I have a problem understanding why we need to use Deep Learning to get the value of Q(s, a). We are training this network with our formula for Q(s, a) = R(s) + gamma * max(Q(s’, a’); This means that the neural network is trained to give answers close to our formula, so why can’t we use the formula itself instead of training the network.

Hey @Chandni_Kausika,

That’s indeed a nice question, and what you are essentially asking is why we are using Deep Q-Learning (DQN) (*estimating the Q values using a neural network*) instead of Q-Learning (*using the formula iteratively to converge to the true values*). Now, there are many advantages of Deep Q-Learning over Q-Learning, but perhaps the most prevalent one, at least to the best of my knowledge, is in the problems involving **continuous state-action spaces**.

When we use the formula iteratively, it only converges to the true values under the assumption that every state-action pair is visited infinitely many times. Now, in mathematics, whenever, we can’t calculate something, we approximate it So, we approximate this assumption, i.e., if a state-action pair is visited a large number of times, we will assume that the converged values are similar to the true values.

However, this assumption is hard to satisfy when there are infinite state-action pairs, for instance, the lunar lander scenario. Even if we consider a single parameter say the **x-coordinate** for representing the state instead of considering 8 parameters (*as being done in the lab*), you will observe that there are infinite values for this x-coordinate, and hence, we can’t apply this formula iteratively in this scenario, and that gives way to something know as **function approximation**, which forms the backbone of Deep Q-Learning.

I am not very familiar with the concept of function approximation yet, but as far as my understanding goes, we try to find a function which takes continuous values (*for instance those representing the state and action*) and outputs the state or state-action values, and in Deep Q-Learning, our neural network takes the form of the function. Let me know if this helps.

P.S. - If you wanna read more about it, do check out the **Reinforcement Learning** book by **Richard S. Sutton and Andrew G. Barto**.

Cheers,

Elemento

I think one primary reason is we simply don’t know Q(s, a), and we want to learn it by exploring. Then it comes to how to “save” what we have learnt, and as @Elemento pointed out, in the case of a continuous state-action space, generalizing the knowledge in a NN should be a smarter choice than having to go through the history itself everytime making a new decision on action.

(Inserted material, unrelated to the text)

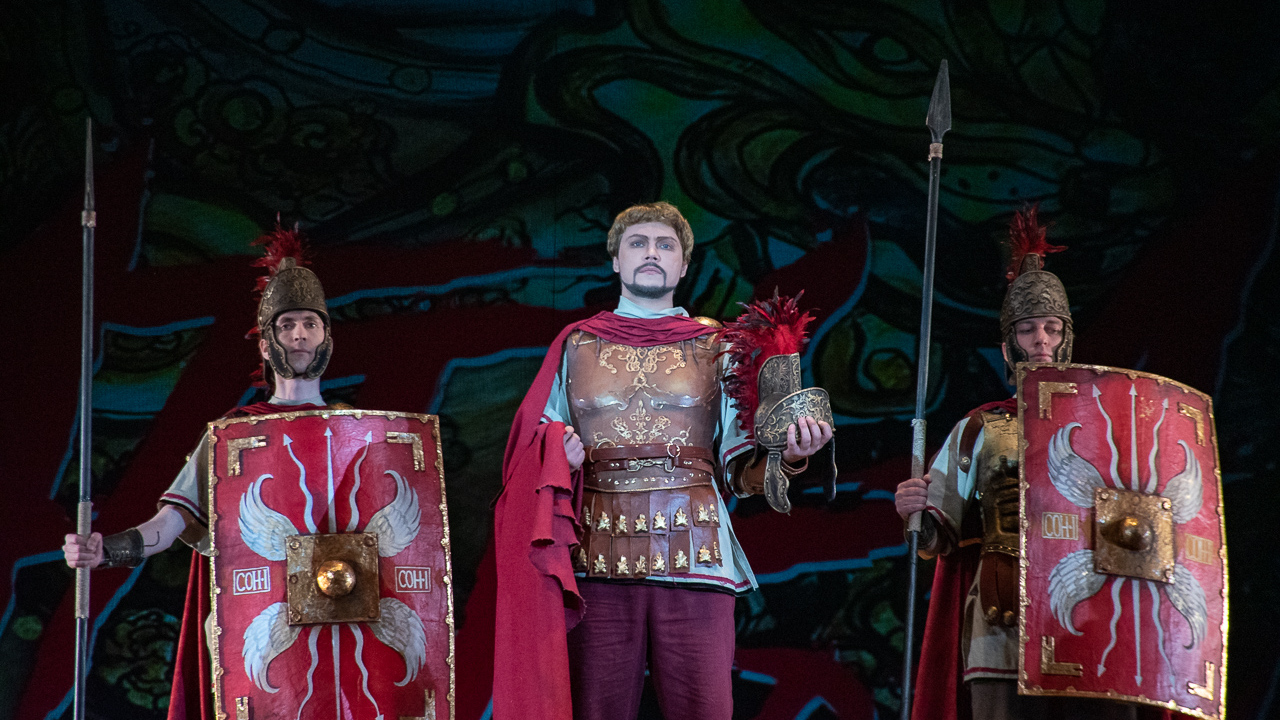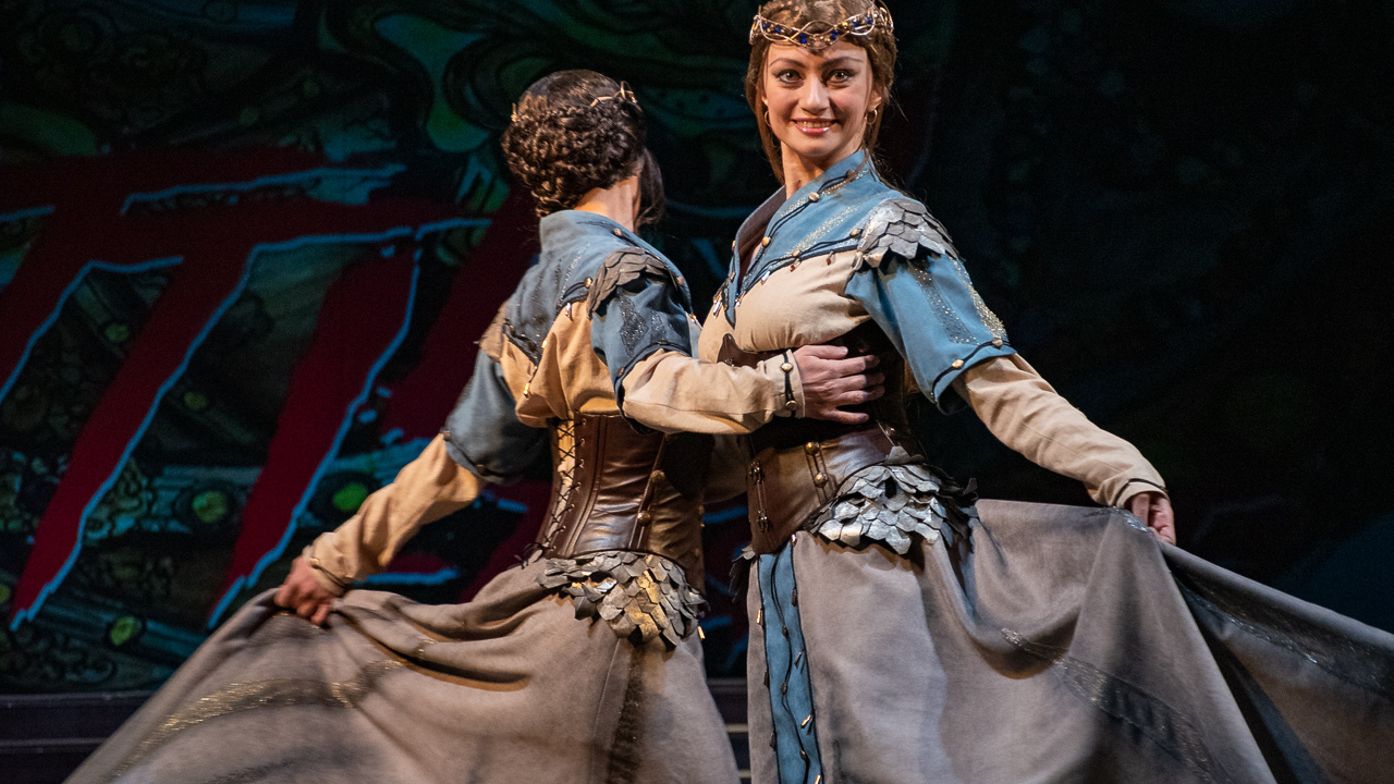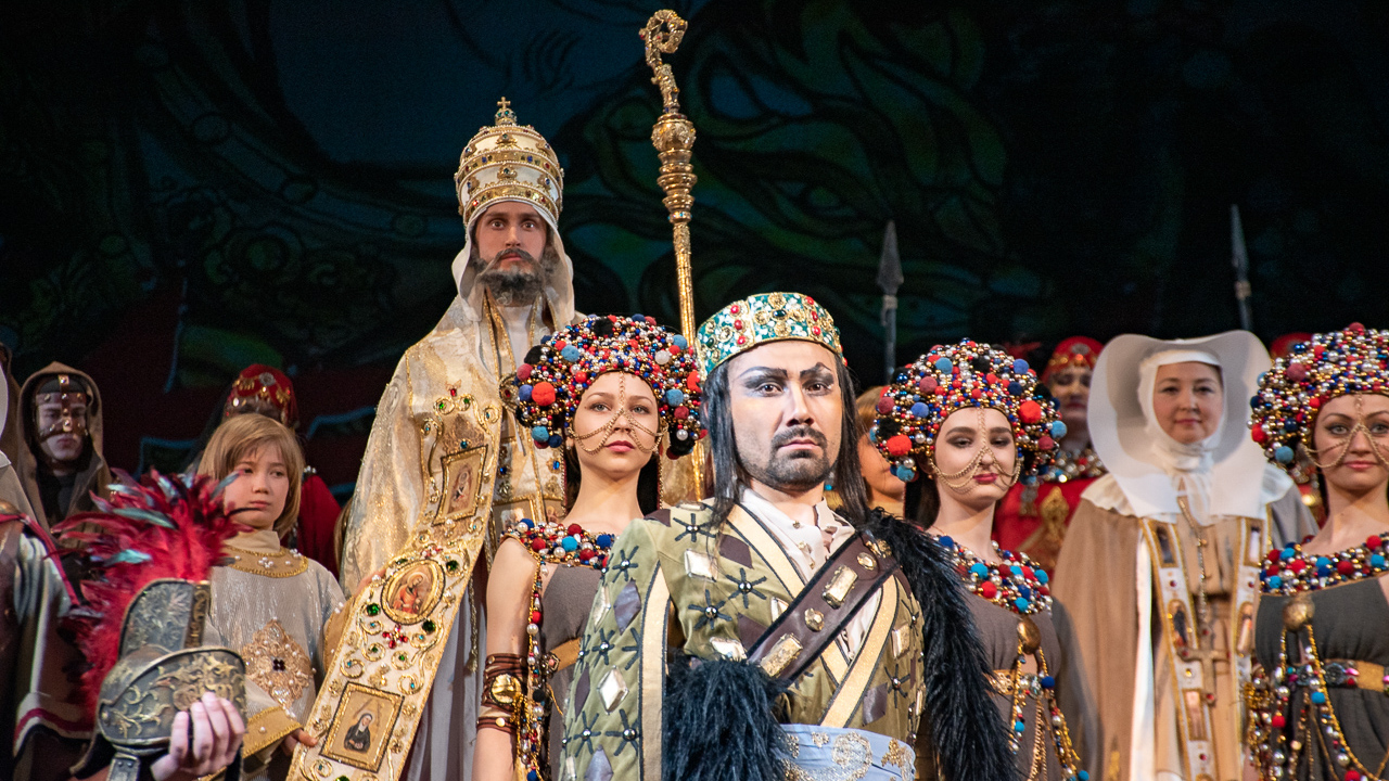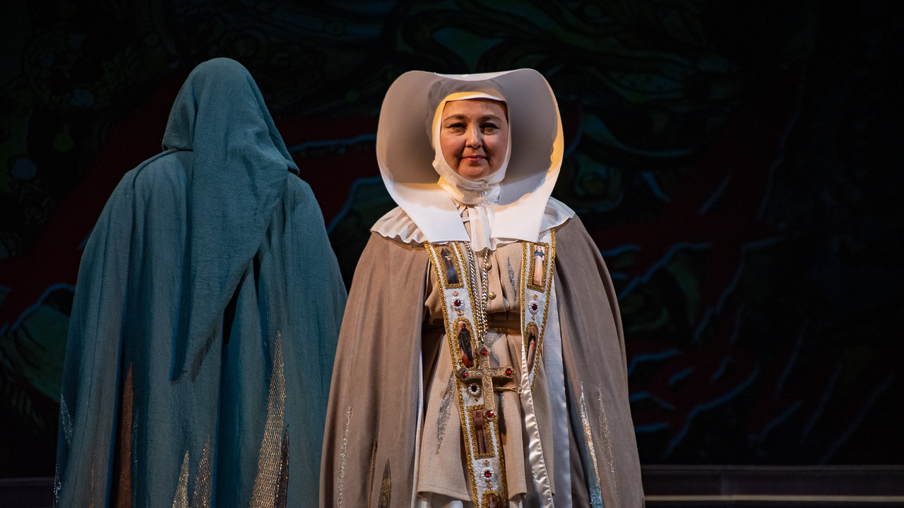 «Костюмы невольниц - это моя дань башкирской земле: если вы посмотрите на головной убор - это классический кашмау, просто немного видоизмененный. Хотя девушки с ним легко обращаются, на самом деле он весит 5 кг», - сказал художник.

However, if we know the complete form of Q(s, a) in advance and it is efficient to use, I don’t see why we have to learn a DQN.

Raymond

Thank you for that! It definitely helped, although the concept is still a little hard to grasp. Interestingly though, Andrew G. Barto is a Professor at my University and I will make sure to read that book!

Thank you, that helps!

That’s just awesome It’s my dream to meet him one day, and I really hope that it will happen some day. All the best to you

Cheers,

Elemento

You are welcome @Chandni_Kausika. If you have questions about RL, besides going to Professor Barto’s room which is the best, I am sure @Elemento and us are happy to discuss with you here.